Гризелда удивленно приподняла бровь:

— В связи с этим может возникнуть проблема, дорогая моя. Ты ведь уже не только что вылупившийся из яйца цыпленочек.

Но Имоджин ничуть не обиделась.

— Поскольку я не намерена выходить замуж, я считаю обманом дебютировать во время сезона, делая вид, что готова вступить в брак.

— А почему же, скажи на милость, ты не желаешь выходить замуж?

Имоджин вздернула подбородок.

— Потому что я уже отдала свое сердце.

— Вот как? — сказала Гризелда. — Тебе повезло, дитя. Мне самой такого не удавалось, хотя я до сих пор не теряю надежду. В конце концов, они ведь всего лишь мужчины, не так ли?

Тесс даже растерялась, а Аннабел, не скрываясь, фыркнула, но Имоджин еще выше задрала подбородок:

— Отдать свое сердце Дрейвену было нетрудно, и я его полюбила.

— А этот Дрейвен отвечает тебе взаимностью? — спросила Гризелда.

— Лорд Мейтленд помолвлен, — объяснила Тесс, пытаясь уйти от ответа о его чувствах к Имоджин.

— Мейтленд? Вы говорите, Мейтленд? — озадачилась Гризелда. — Уж не о Дрейвене ли Мейтленде идет речь?

Имоджин кивнула.

Гризелда пристально посмотрела на нее, явно хотела что-то сказать, но передумала.

— В хороший переплет мы с вами попали, — помолчав, произнесла она. — Обожаю социальные проблемы. Есть над чем поломать голову.

Имоджин ждала, широко раскрыв глаза.

— Ты, надеюсь, помнишь, что я выступаю за абсолютное доверие между нами, дорогая? Потому что в противном случае я не смогла бы должным образом вывезти вас в свет, быть вашей дуэньей и прочее.

Имоджин кивнула. Она сидела на диване, выпрямив спину, как будто готовясь предстать перед инквизицией.

— Правда заключается в том, что, судя по всему, Дрейвен Мейтленд — тот еще шалопай. Едва ли из него получится хороший муж, потому что он пристрастился к скачкам и, — Гризелда деликатно кивнула, — хотя это, возможно, всего лишь слухи, он недостаточно умен, чтобы быть хорошим мужем. Правда, нехватку ума у мужчин не всегда можно считать недостатком. Значит, остановимся на первой отрицательной характеристике. Он действительно проводит большую часть дня на скаковом кругу? Или я не права?

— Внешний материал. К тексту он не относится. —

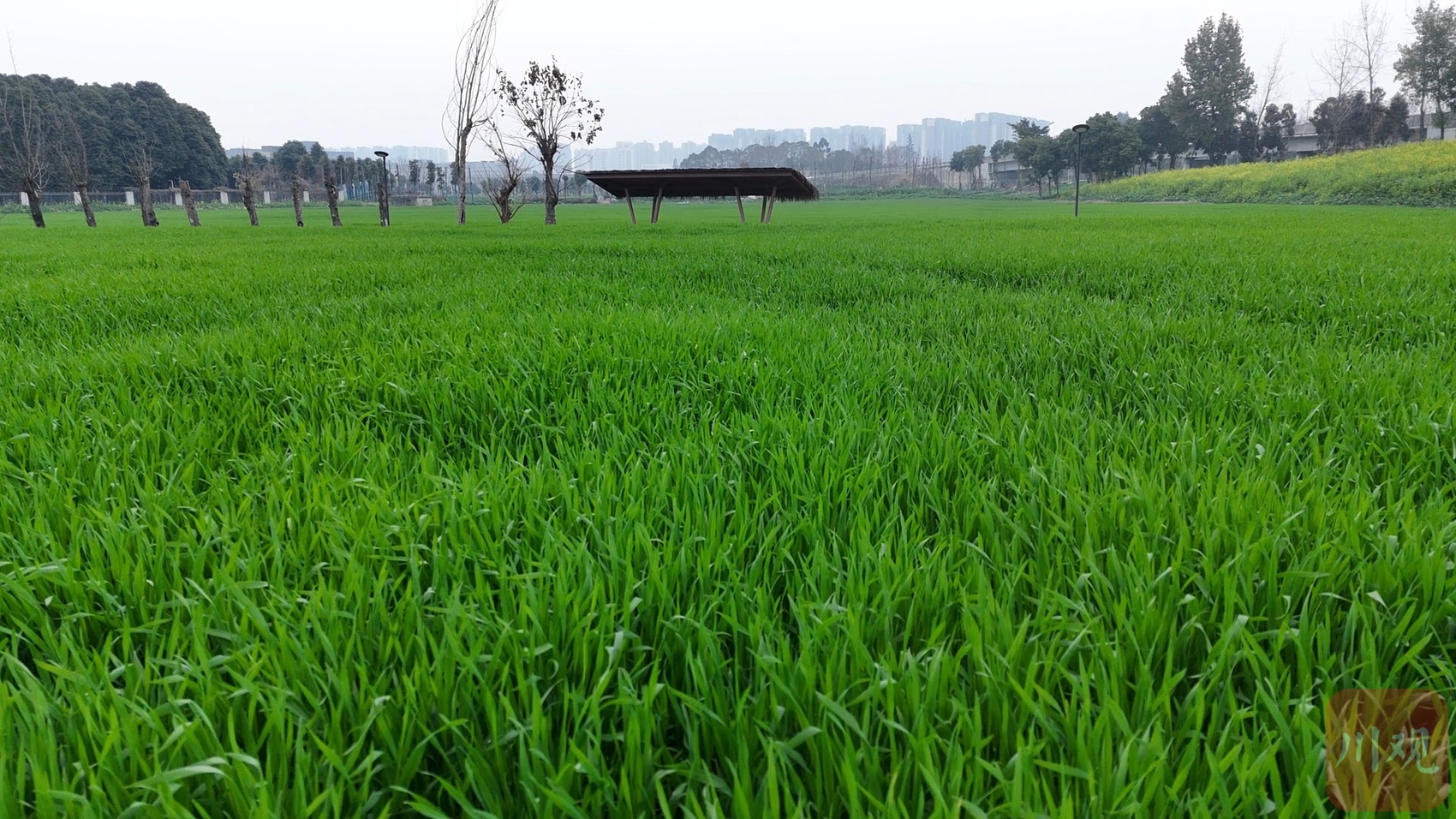2月27日,在成都环城生态区青龙湖绕城高速外侧的田野里,微风吹拂着麦田青色的麦穗。
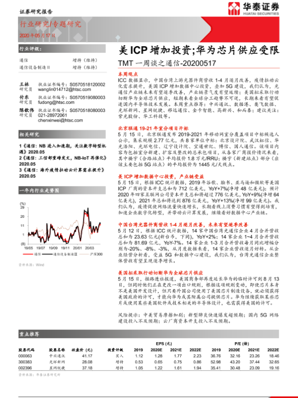 【华泰证券】【20200517】TMT一周谈之通信:美ICP增加投资;华为芯片供应受限-14页 行业研究
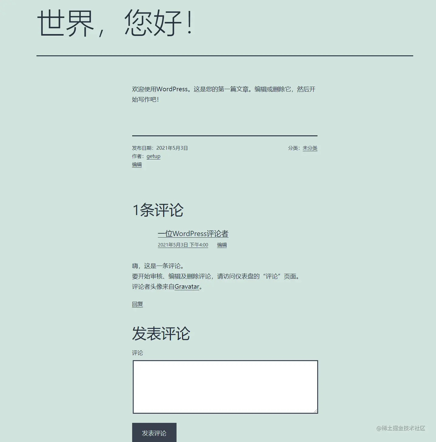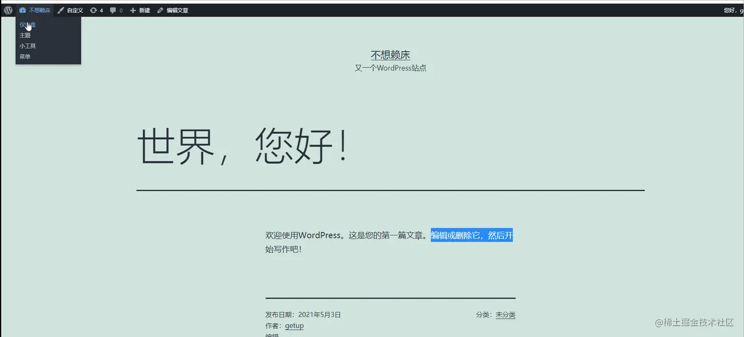 但是界面相对简单,只具有基本功能,还不是很完善,下面我们去仪表盘对博客前台进行一下调整
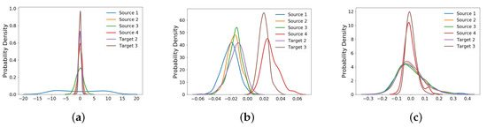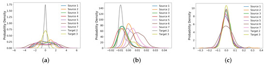 For the XJTU-SY dataset, the experimental steps are the same as the ones in Experiment 1. Due to space limitation, here we briefly provide some important results, with no detailed description of experimental process. The settings of network structure and hyper-parameters are almost identical to Experiment 1. First, we choose Target 1 in Table 2 as a test bearing while the other six bearings in source domain and target domain are as training bearings. The probability density distribution of these six training bearings in three feature spaces is shown in Figure 16.
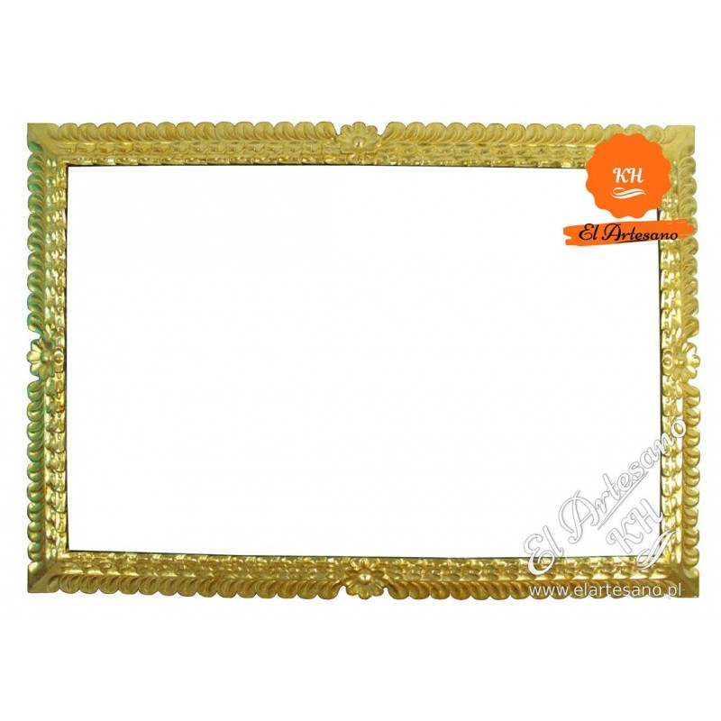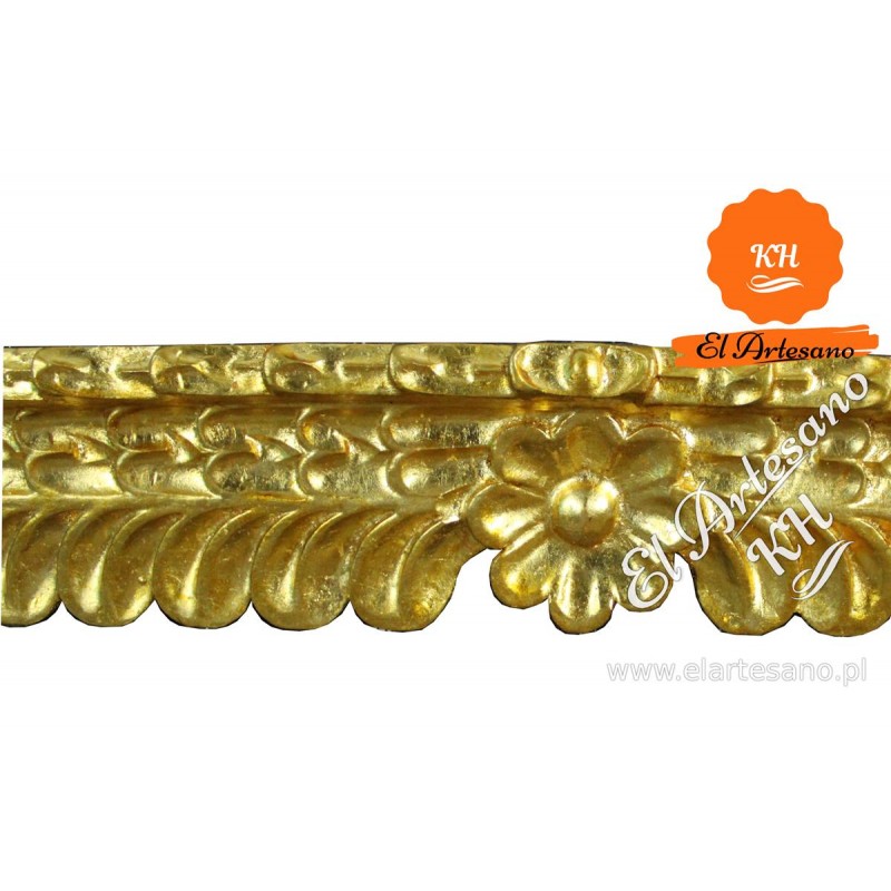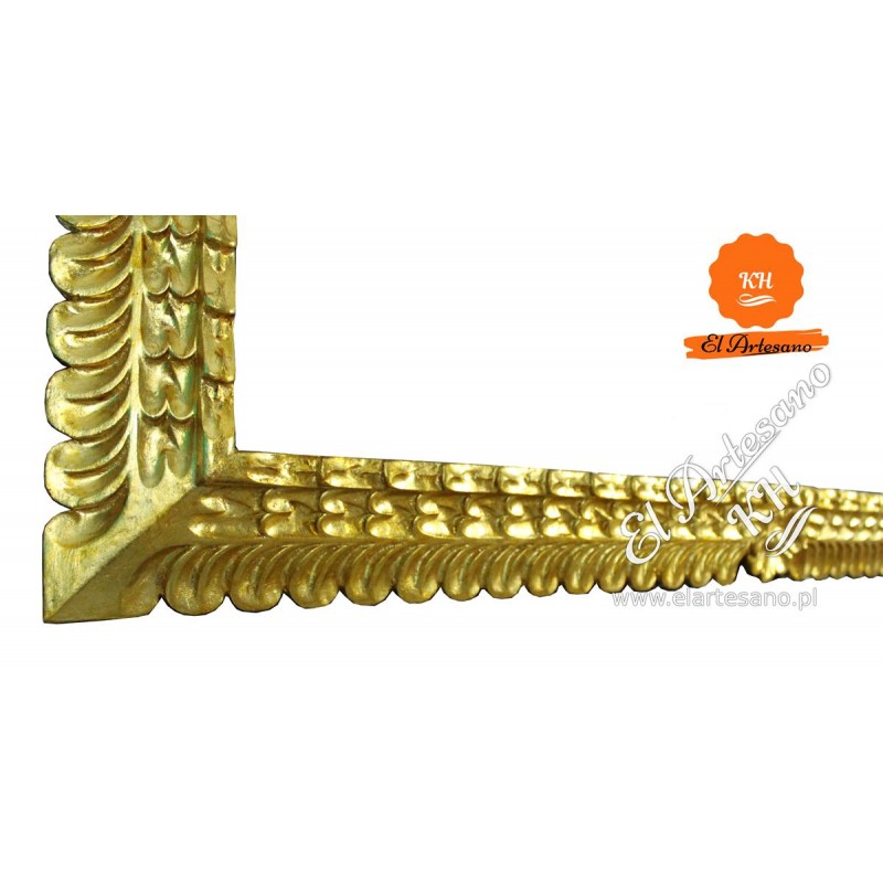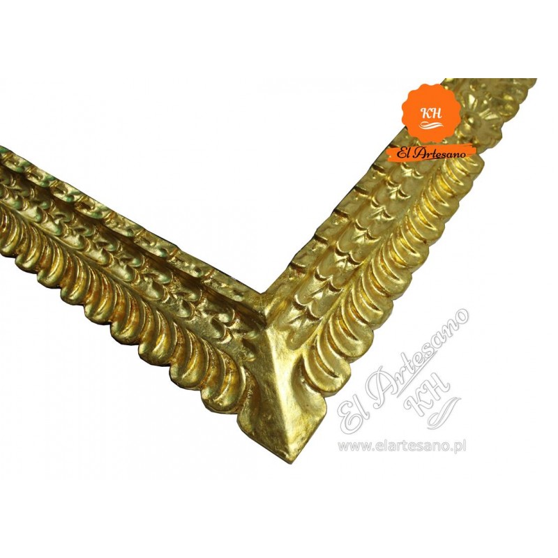 Rama stylowa wykonana na bazie drewna cedrowego z ręcznie rzeźbionymi ornamentami. Pokryta płatkami złota (szlagmetal) precyzyjną techniką pozłotniczą.
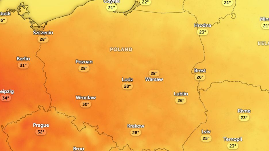 W środę meteorolodzy przewidują dalszy wzrost temperatury. Na południowym zachodzie zrobi się upalnie. Termometry mogą wskazać nawet 32 st. C. W centrum i na południu będzie około 28 st. C. Najchłodniej na północnym wschodzie i w rejonach podgórskich Karpat około 25 st. C.
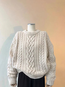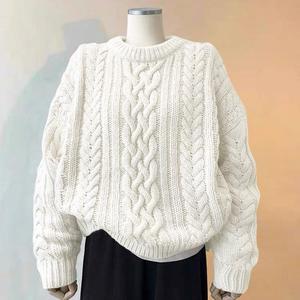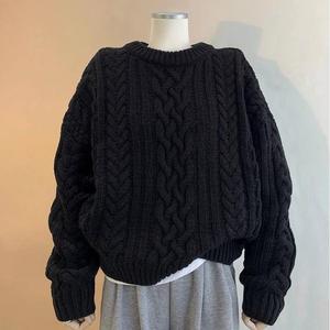 软糯黑色麻花毛衣女秋季宽松慵懒风加厚感外穿套头上衣针织衫
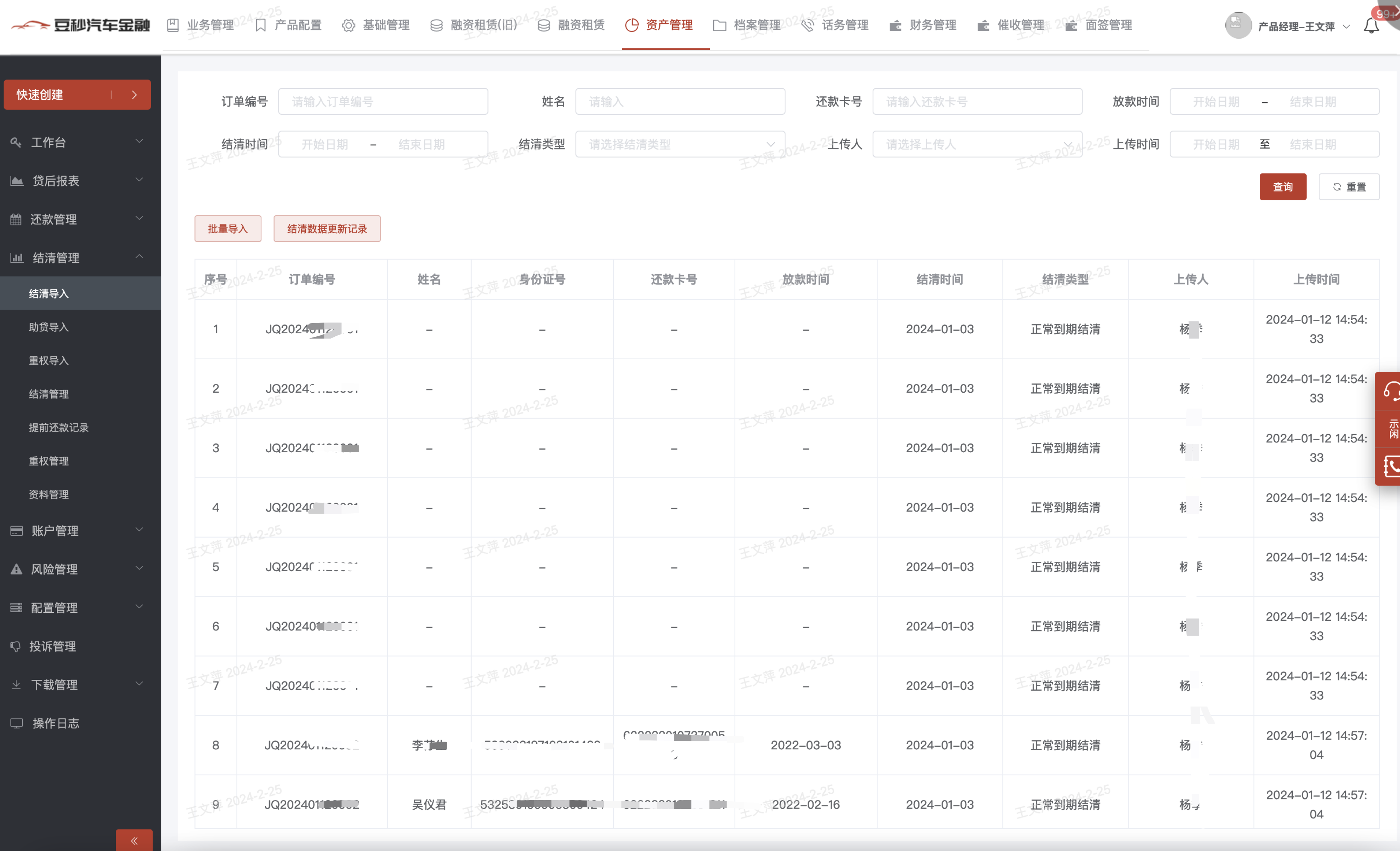 1、模块说明:贷后产生结清的订单可以在此导入查询;
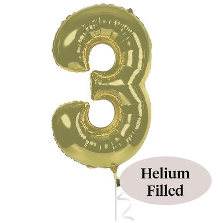 Helium Inflated Foil Balloon Number 3 White Gold 20 x 34 in - 1 set
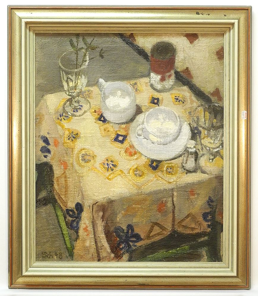 LOT 321 Oil on Canvas Still Life, 21 x 17 1/4", "Campbells Soup Can signed SCH 48. Estimate: $60 - $100 Sold For: $100 Auction Date: Tuesday, February 06 2024 at 4:00 PM
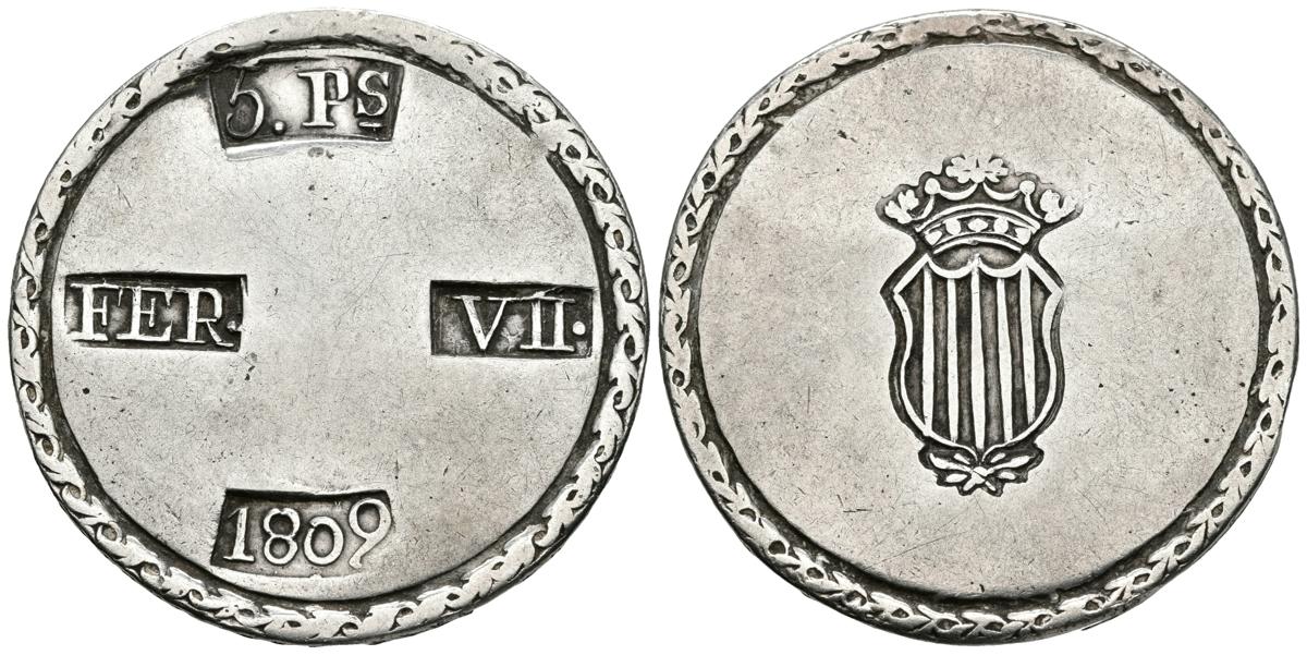 FERNANDO VII. 5 Pesetas. 1809. Tarragona. Escudo grande. Cal-653. Ar. 12,60g. MBC+.
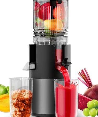 • Potentes máquinas de espremedor a frio: com uma calha de autoalimentação grande de 13,5 cm para frutas inteiras, é um espremedor de mastigação lenta. Seu motor de 300 W funciona a 50 rpm mastigando lentamente em uma operação silenciosa, atingindo 89% de rendimento de suco (verificado), o fabricante de suco de vegetais perfeito para a saúde diária da família e reuniões alegres
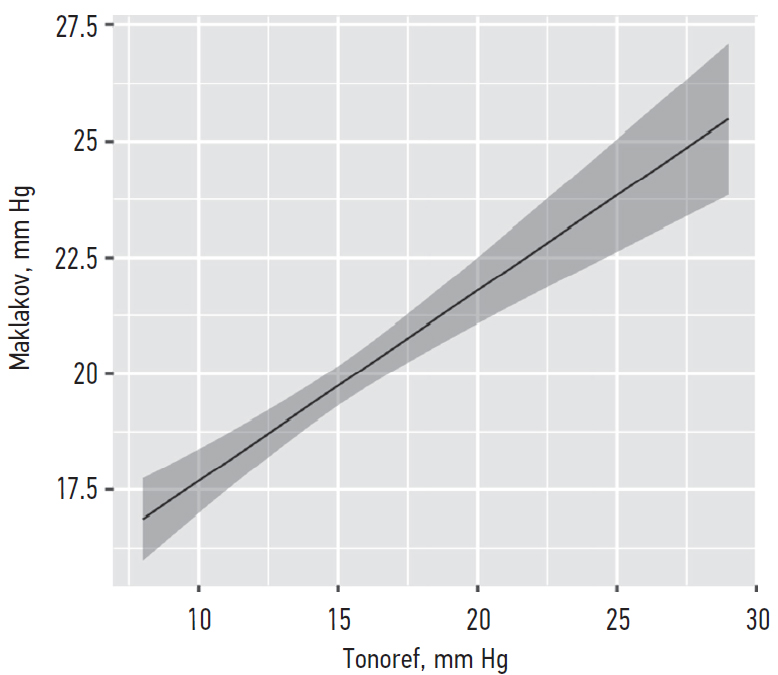 RESULTS: The mean difference in intraocular pressure level in the 1st group was –4.81 (p < 0.001), and in the 2nd –0.98 mmHg (p = 0.399). Both methods — pneumo- and rebound tonometry showed underestimated results with intraocular pressure less than 23.0 and 22.5 mmHg (respectively) relative to applanation tonometry and, conversely, overestimated intraocular pressure when these values were exceeded. A significant (p < 0.001) strong (R2 = 0.86) relationship between applanation and rebound tonometry was obtained, which made it possible, using regression analysis, to develop a formula for recalculating results of iCare tonometry into those of Maklakov tonometry: PMaklakov = 0.40 × PiCare + 13.44.
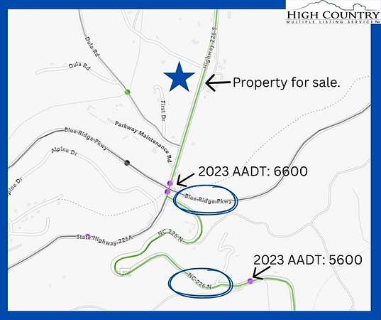 PRIME opportunity located on Highway 226 right right off the Blue Ridge Parkway! This property is right in the midst of everything: the Blue Ridge Parkway, the Mineral Museum, the Visitor's Center, Gem Mine, and even Walmart. City water, city sewer, and natural gas are all available here. There are so many ways to develop this property in the flourishing town of Spruce Pine! More acreage is negotiable. The BRP reported a visitor count of 16.7 million in 2023 and 2/.1 million visitors just in August of 2024! Did you know that the Blue Ridge Parkway is the most visited unit of the National Park Service, with more visitors than Yellowstone, Yosemite, and Grand Canyon national parks combined. Go to https://ncdot.maps.arcgis.com/apps/webappviewer/index.html?id=964881960f0549de8c3583bf46ef5ed4 to view the Average Daily Traffic information from NCDOT. Come tap into the potential of this property today! POTENTIAL OWNER FINANCING!

— Вы правы, — неохотно согласилась Имоджин.

— Это уже говорит само за себя, не так ли? Господи, как же утомительно слушать обо всех этих щетках над копытами лошади, о фарлонгах и о всем прочем. Имейте в виду, — сказала она, обращаясь к Тесс, — мой брат тоже может иногда, забыв обо всем, без конца говорить об этой своей конюшне.

— Я не возражаю против разговора о лошадях, — ответила Тесс, немного покривив душой. — Таким был и мой отец.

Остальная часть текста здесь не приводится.